= Engel Korsendochter =

Dutch Catholic activist (1503–1545)

Engel Korsendochter (1503 - 1545), was a Dutch Catholic activist, famous for leading a demonstration of 300 women in defense of a pilgrimage chapel and Catholicism in Amsterdam in 1531.

==Biography==
Engel Korsendochter was born to the rich burghers Corsgen Elbertsznoon and Geertruyt Hendriksdr. van der Schelling and married to Heiman Jacobszoon, mayor of Amsterdam. Her spouse was a Protestant sympathizer. She herself was a convinced Catholic: her father was the founder of a Franciscan convent in Amsterdam, two of her sisters were nuns, while she was the leader of the Guild of the Holy Sacrament, a religious society that protected a pilgrimage chapel between Kalverstraat and Rokin, were a miracle allegedly took place in 1345, and which counted women from powerful burgher families among its members.

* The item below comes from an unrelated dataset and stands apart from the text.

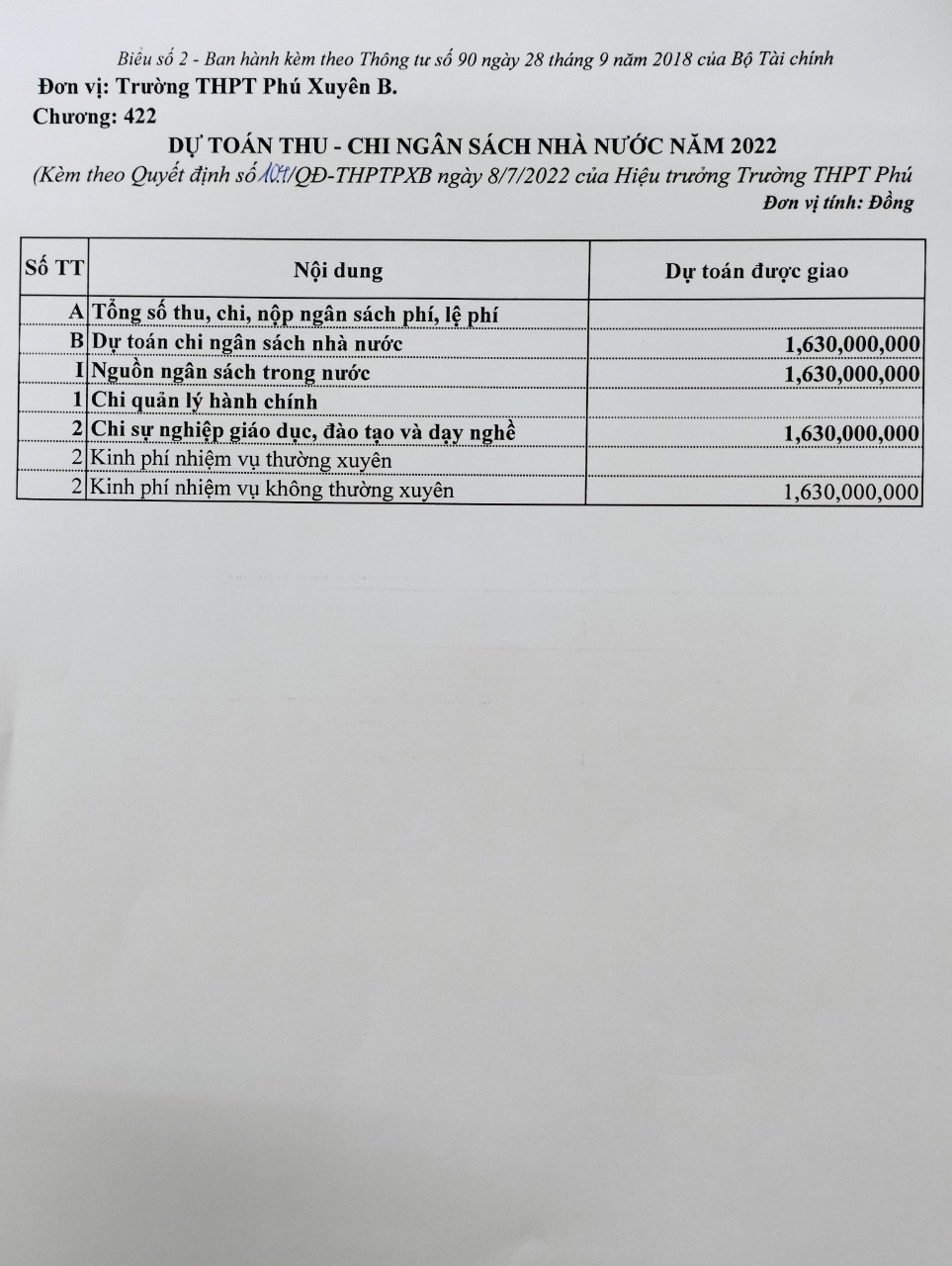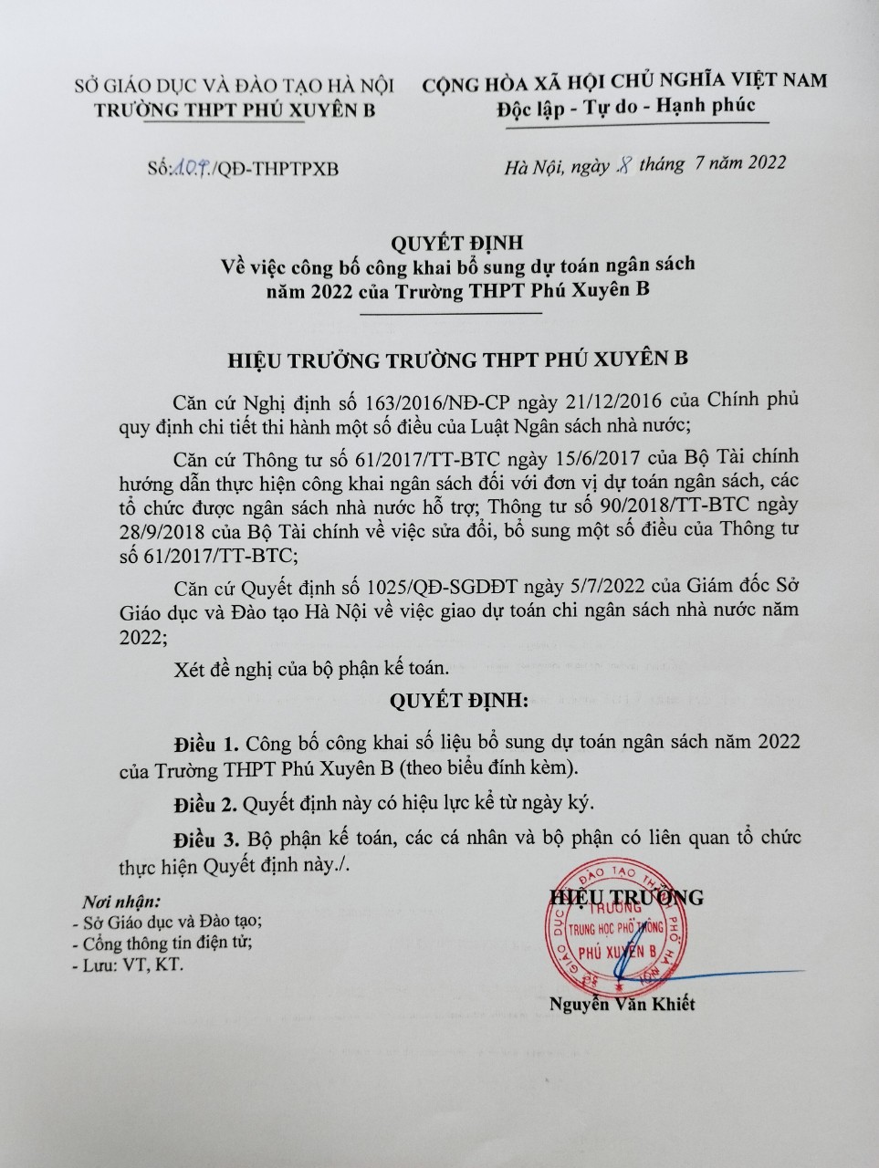 Quyet dinh 104 Cong khai bo sung du toan ngan sach nam 2022 ( thang 10) truong THPT Phu Xuyen B

In 1531, the city authorities decided that the chapel should be torn down and replaced with a wool shed. Engel Korsendochter and her society protested against the decision. On 31 May 1531, three hundred women marched in protest against the destruction of the chapel and the increasingly Protestant sympathies in Amsterdam, led by Engel Korsendochter and the women of the Guild of the Holy Sacrament. The demonstration attracted great attention in contemporary Netherlands. The women were charged with four years of banishment or fines of 50 gulden for rebellion. The appealed to Charles V and defended their act as an act of defense for Catholicism. Most of them were pardoned.

Engel Korsendochter is portrayed on an altarpiece.